Resort Collage Lobby

The grounds (325 acres of them, don’t forget; I’m sure the groundskeepers can’t!) are also so, so beautifully maintained.  Whether it’s the neatly manicured lawns of Magnolia Bend, with its tidy planters of colourful blooms, or the Alligator Bayou, with its scrubby palms and elegantly swaying willows, the landscaping is outstanding.  And Mr.

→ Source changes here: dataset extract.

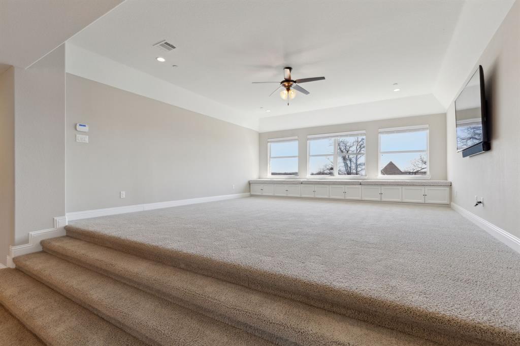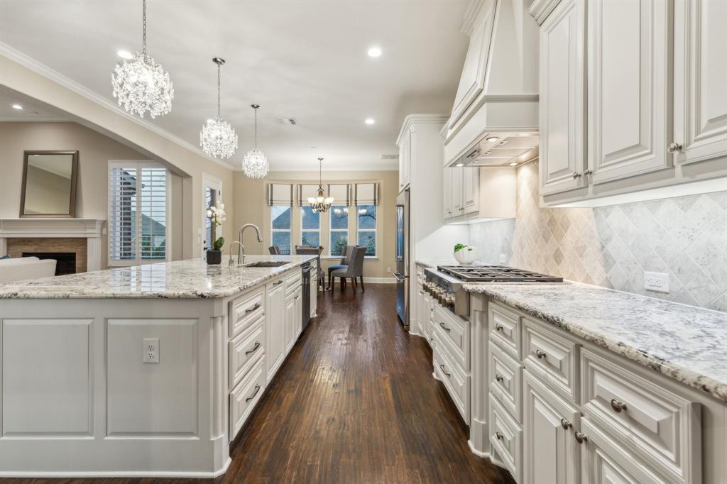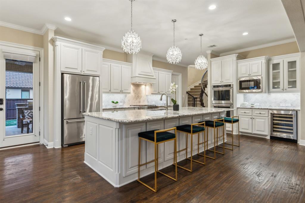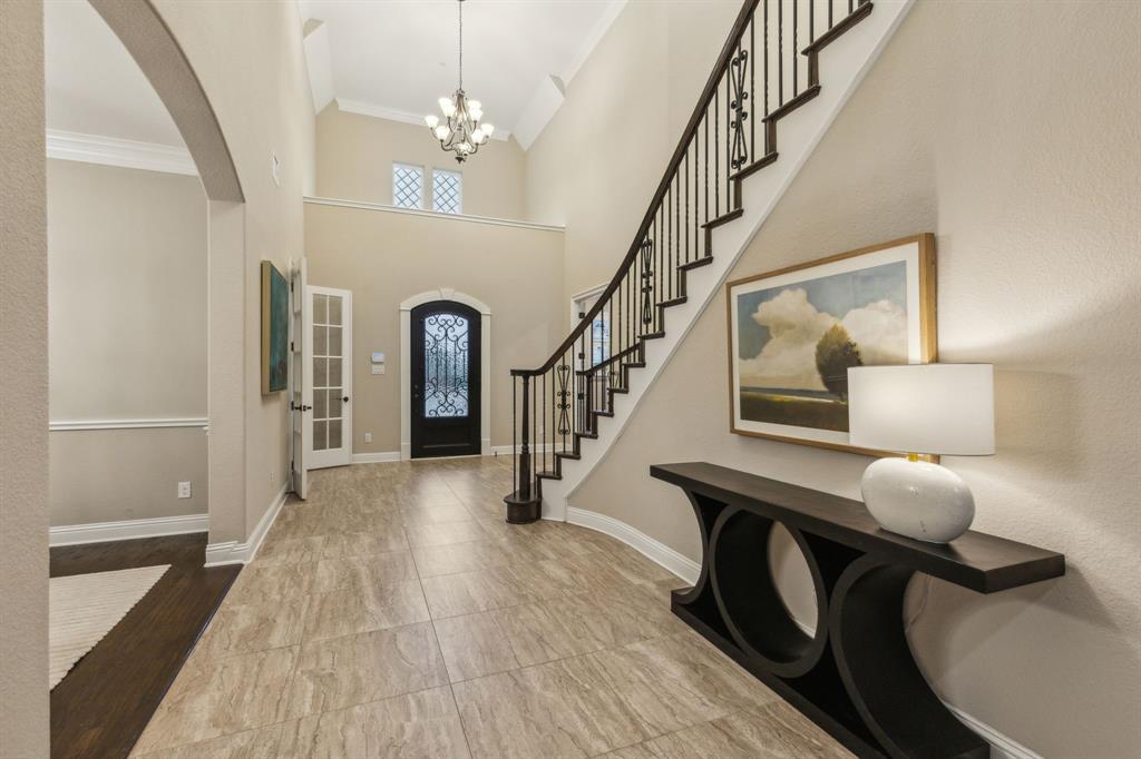 This meticulously designed home offers high-end finishes, expansive living spaces, and an exceptional open-concept floor plan that cater to both family living and grand entertaining. Step inside to be greeted by soaring ceilings in the grand two-story foyer with an elegant curved staircase and oversized windows that fill the home with natural light. The inviting living area is anchored by a gas fireplace, creating a warm and welcoming ambiance. The open kitchen is the heart of the home, featuring a large center island with granite countertops, stainless steel appliances, a built-in wine cooler, and custom cabinetry, ideal for both everyday meals and large gatherings. A dedicated office and library provide a quiet, professional space for work or study. The notable master bedroom includes an eleven-foot tray ceiling, two walk-in closets, a glass enclosed shower and spa-like jetted tub. Upstairs, the entertainment spaces are specious and truly exceptional, making this home a dream for families. The game room is equipped with a built-in wet bar perfect for hosting game nights, while the playroom provides a dedicated space for kids or a second lounge area. The state-of-the-art media room comes with a media tower, projector, and screen, delivering an immersive theater experience for movie nights or big sporting events. Located in one of Colleyville’s most desirable communities, residents enjoy top-rated schools, scenic walking trails, and exclusive amenities, all just minutes from fine dining, shopping, and major highways. This home is a rare opportunity to experience luxury, entertainment, and convenience all in one.

Finger Candy likes to make fun of me for this, but I adore the name “Sassagoula.”  It just sounds so funny – I like to really enunciate it, draw it out.  So it fits that I love to toodle down the Sassagoula River on one of the resort’s boats, departing from the conveniently located pier just outside the lobby every half an hour for all spots Disney Springs.  This has actually become one of my favourite things to do on vacation, especially if it ends with dinner at Homecomin’ on the other end!

Resort 6

And not for nothing, but the inside ain’t bad either.  The lobby is a stunning place, its architecture and interior design invoking the look of an elegant steamboat.  And while we’re here in the lobby, I’ll note that we’ve always received outstanding service at the Riverside, from the check-in staff and cleaning crew, to the bell services dudes and the restaurant staff.  Everybody’s always been super nice and friendly, but that’s kind of just what Disney does.  Anything less would seriously be considered an abject failure, and probably a personal affront to the very memory of Walter Elias Disney.  Disney employees seem to hold themselves to some pretty high standards, which as a guest, I genuinely appreciate.  Pretty decent lot, those cast members.

Resort Lobby

And when we went down at Christmas, those same cast members outdid themselves with the holiday decorating and the general festive atmosphere.  The halls (and the walls, and the rafters, and the flower beds) were decked alright, and with beautiful wreaths and a gigantic tree, in addition to those ever-present boughs of holly.  Fa la la la la la la la la!

Resort Tree

Really, though, I was unbelievably homesick on Christmas Eve.  Christmas Eve has always been my little family’s “thing,” and even though I was having an absolute blast (at Disney’s Hollywood Studios, my favourite park!) I missed my mom and dad.  Yes, I’m that 40-year-old who missed her parents on Christmas Eve.  To that I’d say there are far worse things than being a sentimental schmuck.  But coming back to the resort after a long day at the park to find all these beautiful decorations, including this weirdo doing the Thriller dance in front of some of them, put a smile on my face.  I thought the gingerbread displays, submitted by the various departments at the Riverside, were totally awesome, too.  The bell jar Nightmare Before Christmas display was a particular standout.  Well done, Team Riverside!

Christmas Resort Collage

So there we have it, friends, 2000 words on a hotel stay.  I swear I could spin the opening of an envelope into an epic tale.  Anyhow, if you’re still with me, thank you for joining me on this look inside a wonderful Disney resort, and my great experiences therein.  I hope you get the chance to stay at the Riverside, too, someday and make some great memories of your own.